Chen Mingli, Lu Weiguo, Chen Quan, Ruchala Kenneth J, Olivera Gustavo H
TomoTherapy, Inc., 1240 Deming Way, Madison, Wisconsin 53717, USA.
Med Phys. 2008 Jan;35(1):81-8. doi: 10.1118/1.2816107.
Inversion of deformation fields is applied frequently to map images, dose, and contours between the reference frame and the study frame. A prevailing approach that takes the negative of the forward deformation as the inverse deformation is oversimplified and can cause large errors for large deformations or deformations that are composites of several deformations. Other approaches, including Newton's method and scatter data interpolation, either require the first derivative or are very inefficient. Here we propose an iterative approach that is easy to implement, converges quickly to the inverse when it does, and works for a majority of cases in practice. Our approach is rooted in fixed-point theory. We build a sequence to approximate the inverse deformation through iterative evaluation of the forward deformation. A sufficient but not necessary convergence condition (Lipschitz condition) and its proof are also given. Though this condition guarantees the convergence, it may not be met for an arbitrary deformation field. One should always check whether the inverse exists for the given forward deformation field by calculating its Jacobian. If nonpositive values of the Jacobian occur only for few voxels, this method will usually converge to a pseudoinverse. In case the iteration fails to converge, one should switch to other means of finding the inverse. We tested the proposed method on simulated 2D data and real 3D computed tomography data of a lung patient and compared our method with two implementations in the Insight Segmentation and Registration Toolkit (ITK). Typically less than ten iterations are needed for our method to get an inverse deformation field with clinically relevant accuracy. Based on the test results, our method is about ten times faster and yet ten times more accurate than ITK's iterative method for the same number of iterations. Simulations and real data tests demonstrated the efficacy and the accuracy of the proposed algorithm.

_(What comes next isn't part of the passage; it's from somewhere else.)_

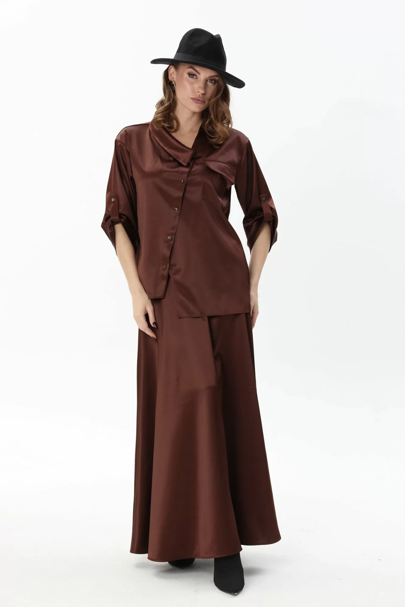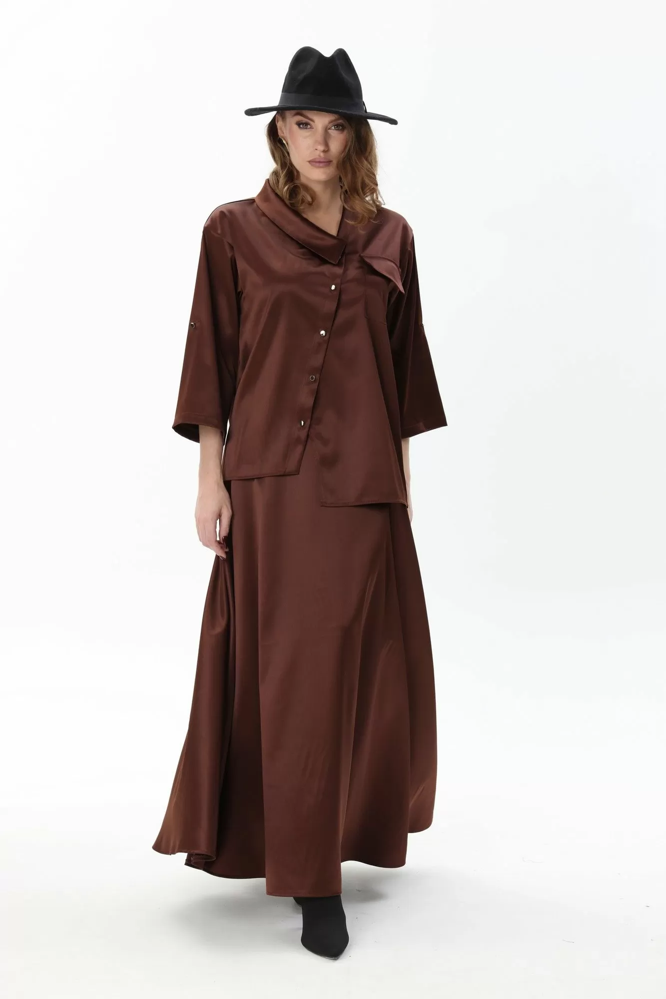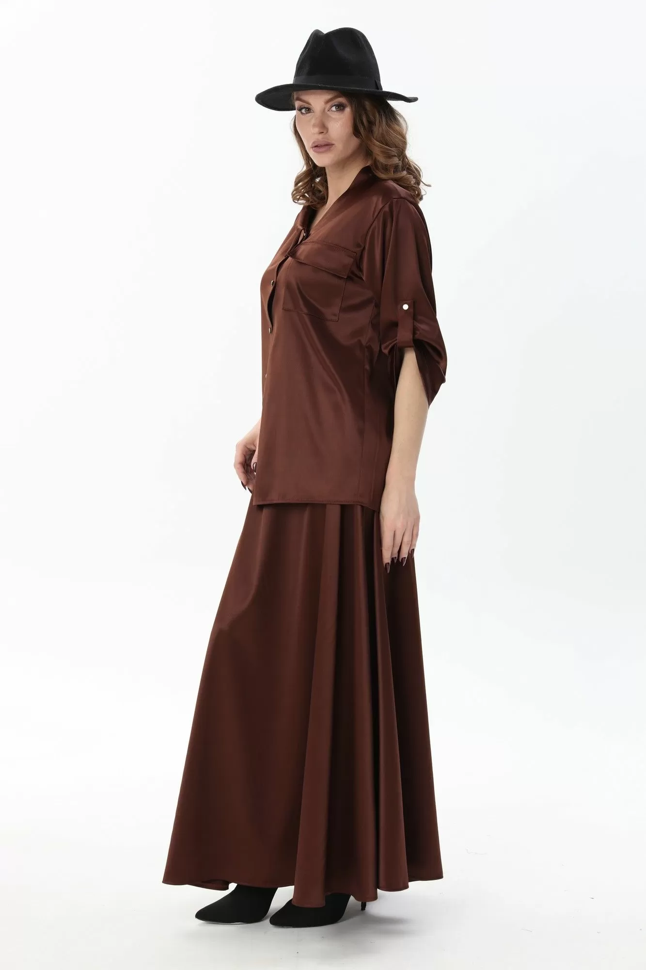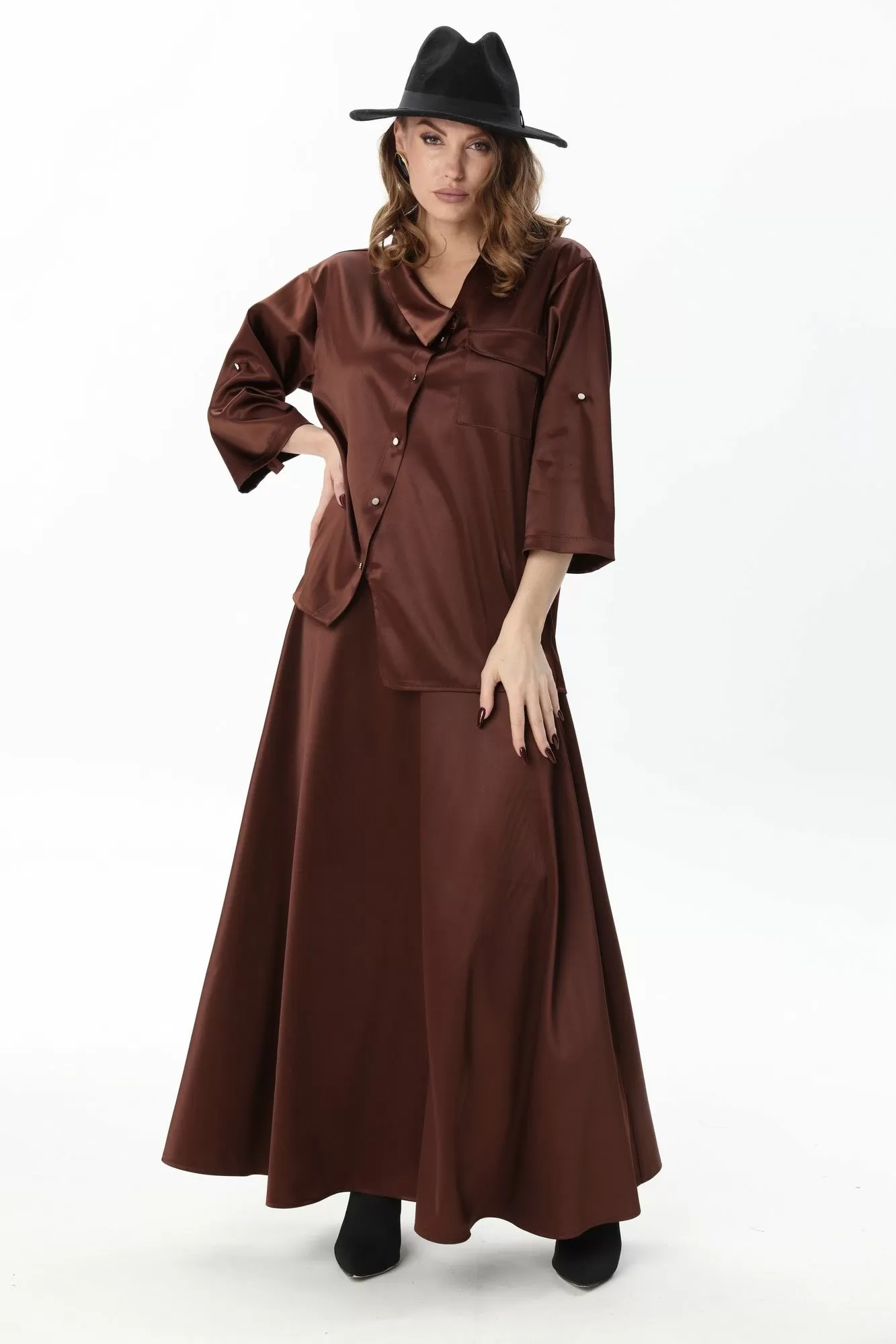 Юбка - солнце макси с узким поясом. В боковых швах расположены карманы. Застёжка на петлю и пуговицу и молнию по спинке.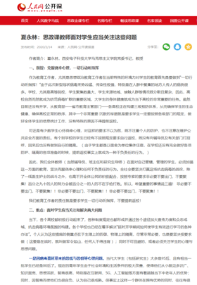 党委书记夏永林,利用微信公众号“老夏说课”,举起了思政战“疫”的旗帜。他在微信公众号上发表多篇原创文章,从学理和实践角度将疫情阻击战与思想政治教育紧密结合,唱响了“家国情怀”“使命担当”“服务人民”的时代主旋律。公众号文章《思政课教师面对员工应当关注这些问题》,入选人民网公开课,引起了普遍关注;原创文章启迪思想,引起了广大学子的强烈共鸣。

形变场反演经常用于在参考帧和研究帧之间映射图像、剂量和轮廓。一种常见的方法是将正向形变的负值作为反向形变,但这种方法过于简单,对于大形变或由几种形变合成的形变可能会导致较大误差。其他方法,包括牛顿法和散射数据插值法,要么需要一阶导数,要么效率非常低。在此,我们提出一种迭代方法,该方法易于实现,在收敛时能快速收敛到逆形变,并且在实际中适用于大多数情况。我们的方法基于不动点理论。我们构建一个序列,通过对正向形变的迭代评估来近似逆形变。还给出了一个充分但非必要的收敛条件(李普希茨条件)及其证明。尽管这个条件保证了收敛性,但对于任意形变场可能并不满足。对于给定的正向形变场,应该始终通过计算其雅可比行列式来检查逆形变是否存在。如果雅可比行列式的非正值仅出现在少数体素上,这种方法通常会收敛到一个伪逆。万一迭代不收敛,就应该改用其他方法来求逆。我们在模拟的二维数据和一位肺部患者的真实三维计算机断层扫描数据上测试了所提出的方法,并将我们的方法与Insight分割与配准工具包(ITK)中的两种实现方法进行了比较。通常,我们的方法只需不到十次迭代就能得到具有临床相关精度的逆形变场。基于测试结果,在相同迭代次数下,我们的方法比ITK的迭代方法快约十倍,且精度高约十倍。模拟和真实数据测试证明了所提算法的有效性和准确性。